Objective: To correlate the increased collagenase production previously seen in chondrocytes isolated from osteoarthritic (OA) lesions and the expression of cytokines and cytokine receptors.
Methods: Chondrocytes were isolated from OA cartilage and characterized for synthesis of collagenases, cytokines, and cytokine receptors by Northern and Western blot analyses, RNA protection assay, and flow cytometry.

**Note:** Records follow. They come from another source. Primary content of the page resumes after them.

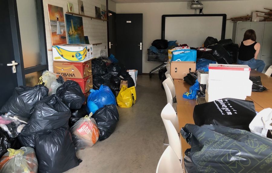 "Vroeg in de ochtend kregen we telefoontjes of ze al kleding e.d. mochten brengen. Auto’s vol geladen, fietstassen vol, geleende winkelwagens en scooters opgevuld met allerlei textiel.
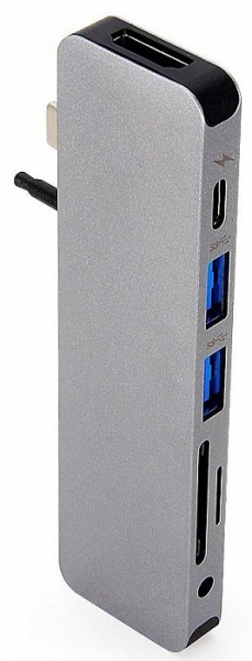 USB-хаб HyperDrive Solo GN21D для MacBook Hyper HyperDrive Solo представляет собой функциональное устройство, при помощи которого можно значительно расширить количество интерфейсов в ноутбуке. Модель подключается при помощи USB-C и имеет 7 различных разъемов. Hyper HyperDrive Solo обладает стильным дизайном, достигнутым благодаря алюминиевому корпусу, что также обеспечивает высокую прочность устройства. Интерфейсы расположены таким образом, чтобы одновременное задействование каждого порта не вызывало трудностей. Модель станет отличным решением для новых моделей ноутбуков, в которых малое количество встроенных портов и имеется разъем USB-C. Hyper HyperDrive Solo позволяет значительно расширить возможности ноутбука, добавив ему 7 различных портов, используя при этом лишь один разъем USB-C. Использование данного разъема гарантирует высокую скорость работы и передачи данных. Концентратор дает возможность подключать внешние мониторы (HDMI), наушники или акустику (mini-jack 3.5mm), карты памяти SD и MicroSD, а также различную периферию (USB 3.1, USB-C).
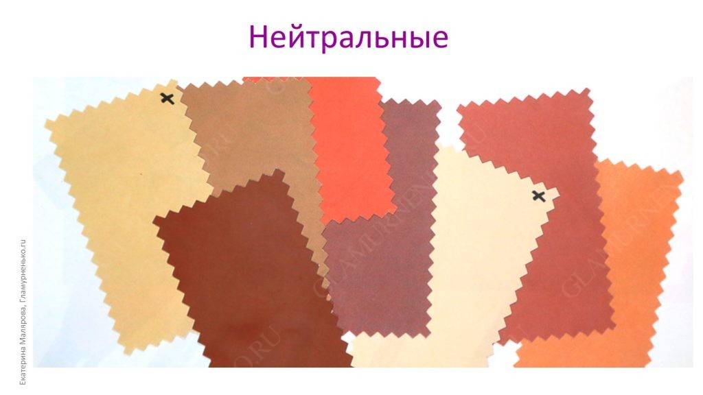 А на этой фотографии – осенние нейтральные цвета. Крестиками отмечены те из них, которые смело может позволить себе у лица весна.
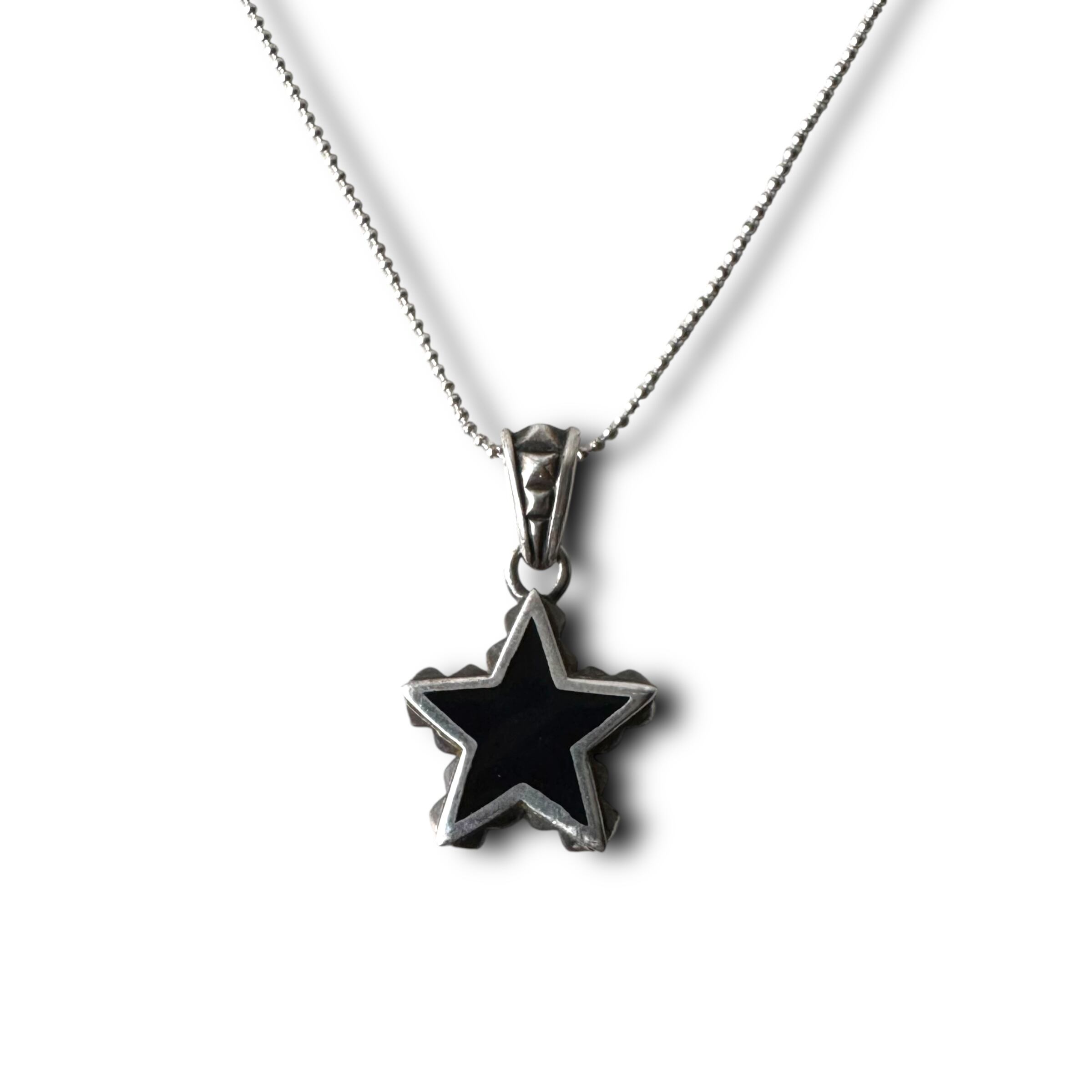 シルバーと黒いエナメル質のコンビネーションがめちゃめちゃ可愛らしく星の周りをいかつめなスタッズが囲う究極デザイン!
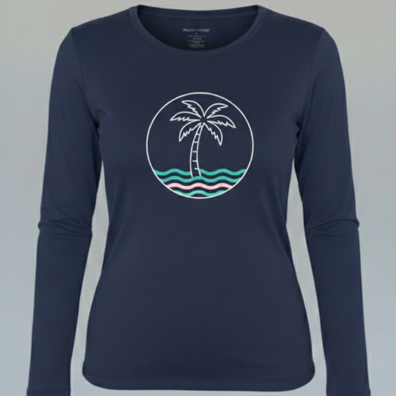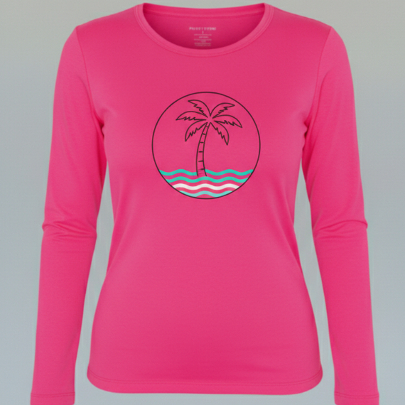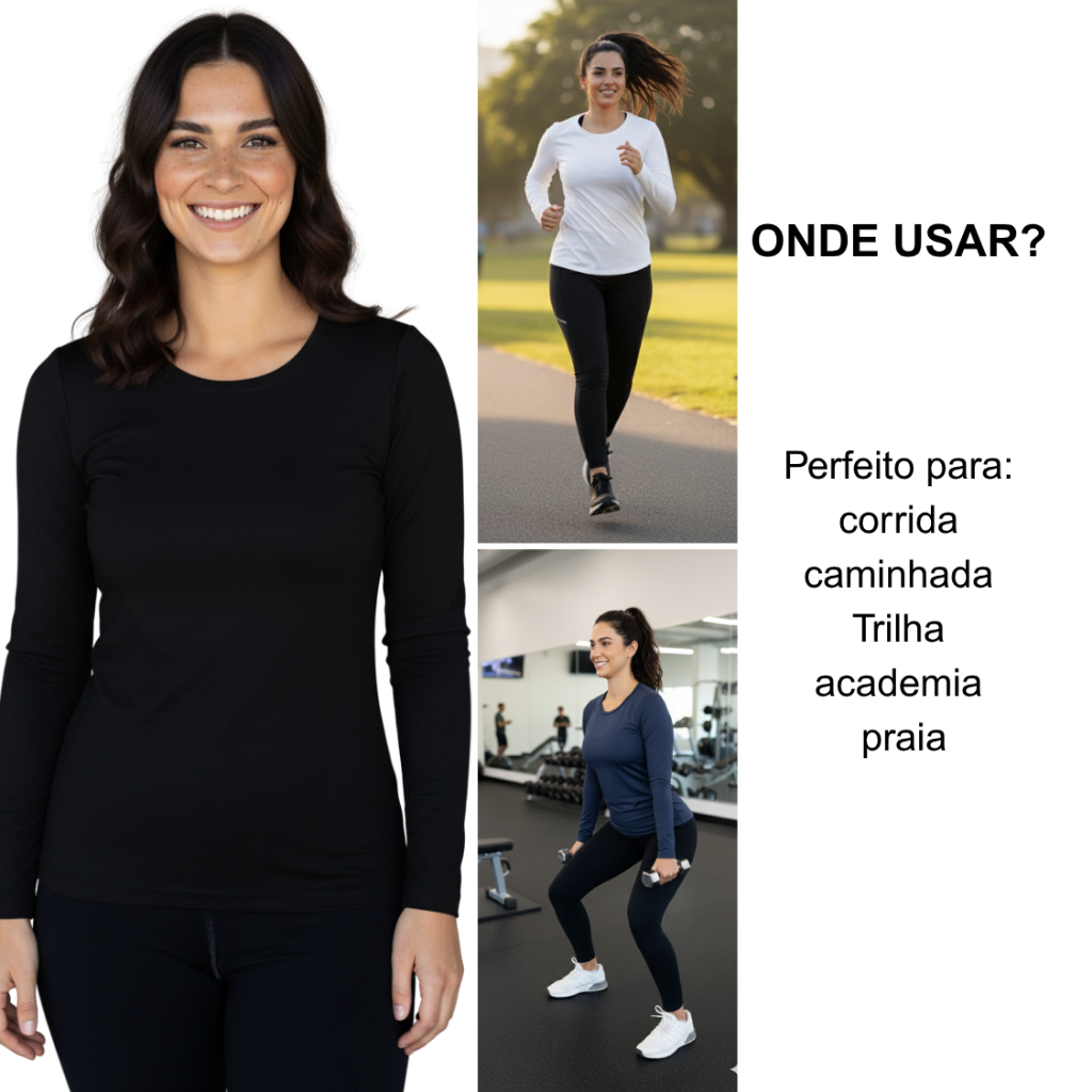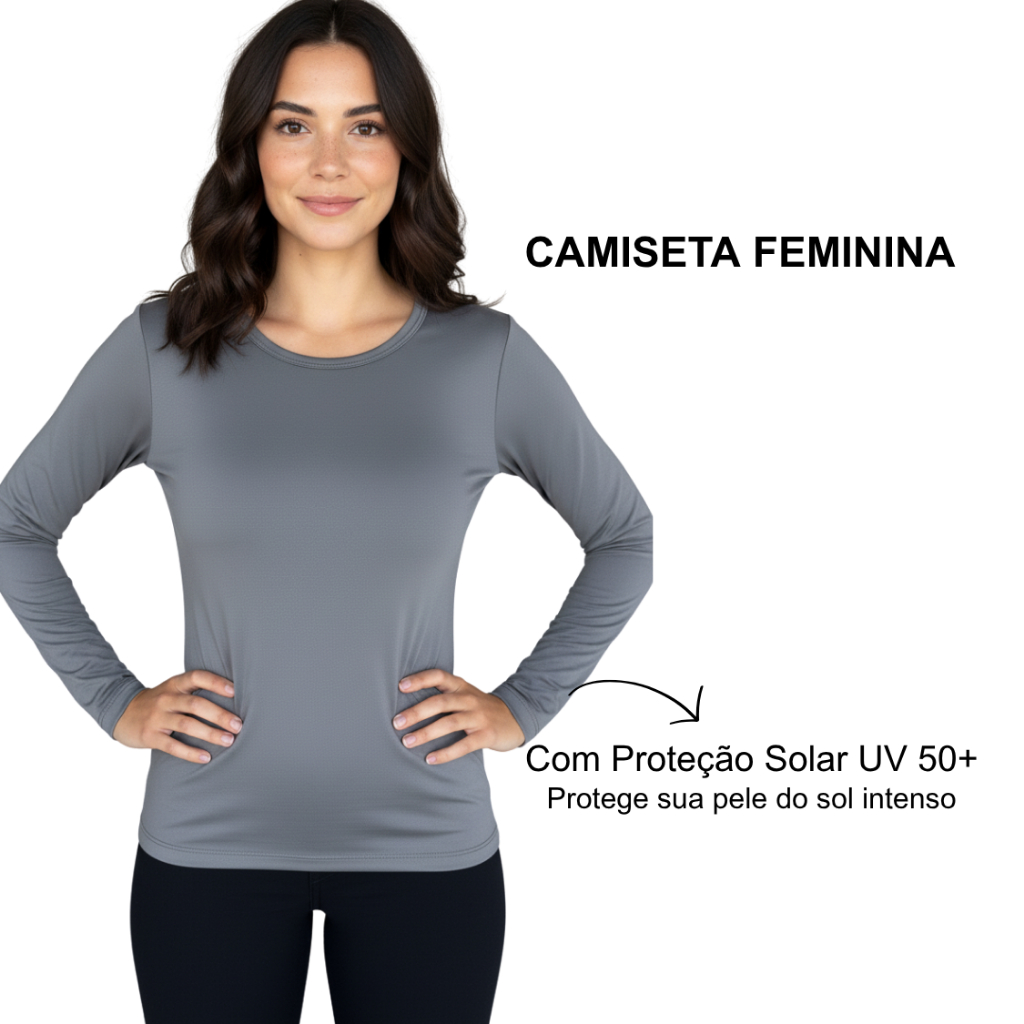 Camiseta Feminina Térmica Manga Longa Estampa Praia - Proteção Solar Uv 50+ | Corrida Praia Fitnes
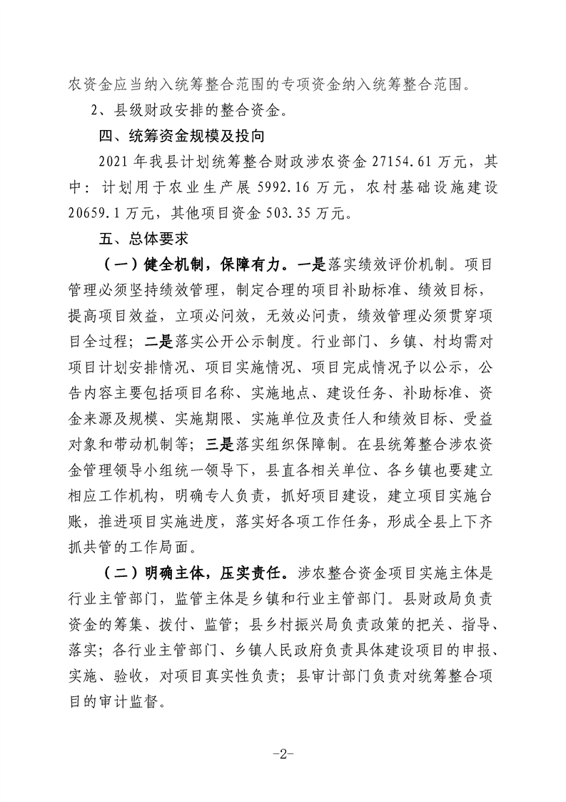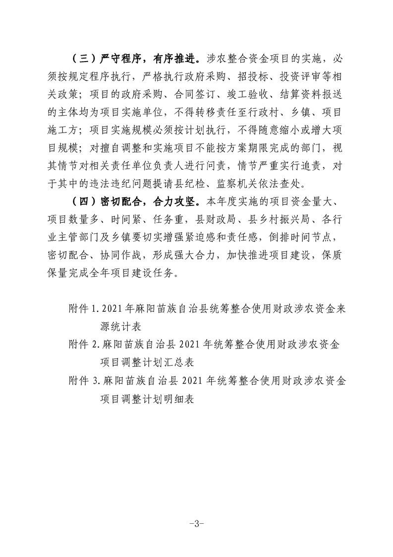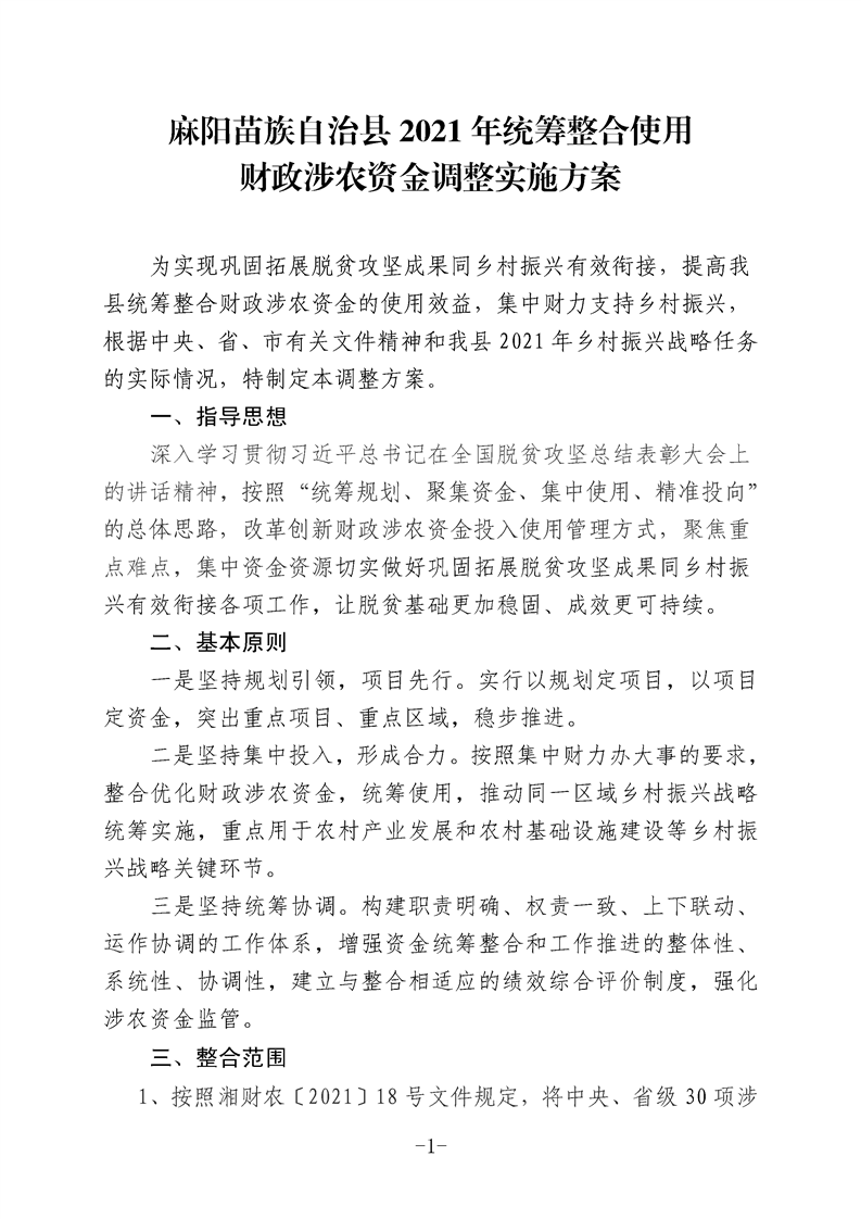 中共麻陽苗族自治縣委實施鄉村振興戰略領導小組關於印發《麻陽苗族自治縣2021年統籌整合使用財政涉農資金調整實施方案》的通知
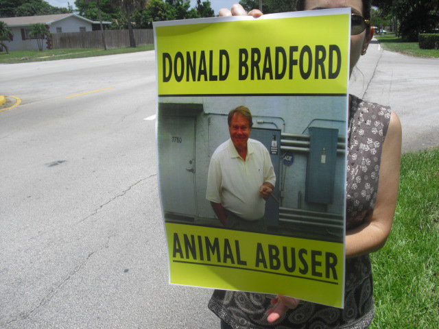 Maintaining our pressure on Donald Bradford, a vivisection supplier & president of Primate Products, more than a dozen activists demonstrated at Pembroke Lakes Golf & Country Club, a golf club he is a member of.
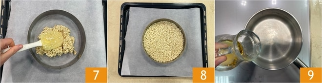 Platzieren Sie einen 22 cm-Ring auf einem mit Backpapier ausgelegten Blech und geben Sie die Puffreis-Mischung hinein 7. Glätten Sie es gut mit einem Spatel 8 und lassen Sie es 30 Minuten im Kühlschrank fest werden. In der Zwischenzeit bereiten Sie die Creme vor. Zuerst weichen Sie die Gelatine in kaltem Wasser ein, dann geben Sie die 50 ml Calvados in einen kleinen Topf 9.

Results: Chondrocytes located in cartilage proximal to the macroscopic OA lesions bound more tumor necrosis factor alpha (TNFalpha) and interleukin-1beta (IL-1beta) compared with chondrocytes isolated from morphologically normal cartilage from the same joint. In response to TNFalpha stimulation, messenger RNA (mRNA) levels for the IL-1 receptor I (IL-1RI), IL-1RII, TNF receptor II (TNFR II), and IL-6 receptor as well as the level of proinflammatory cytokines, such as IL-1alpha, IL-1beta, lymphotoxin beta, TNFalpha, and IL-6, also increased. In contrast, treatment with transforming growth factor beta1 (TGFbeta1) resulted in down-regulation of matrix metalloproteinase 1 (MMP-1) and MMP-13 concomitant with a reduction in the levels of mRNA for IL-1RI, IL-1RII, TNFRI, and TNFRII and proinflammatory cytokine levels. In contrast, the levels of mRNA for TGFbeta receptor I, TGFbeta1, and TGFbeta3 were up-regulated.
Conclusion: These data show that TGFbeta1 has antagonistic effects upon OA chondrocytes, in contrast to the effects seen with TNFalpha. The cyclical course of OA, where a period of active disease is followed by a period of remission, can be explained by a sequential pattern of cytokine stimulation followed by a feedback inhibition of autocrine cytokine production and cytokine receptor expression, thus affecting collagenase synthesis.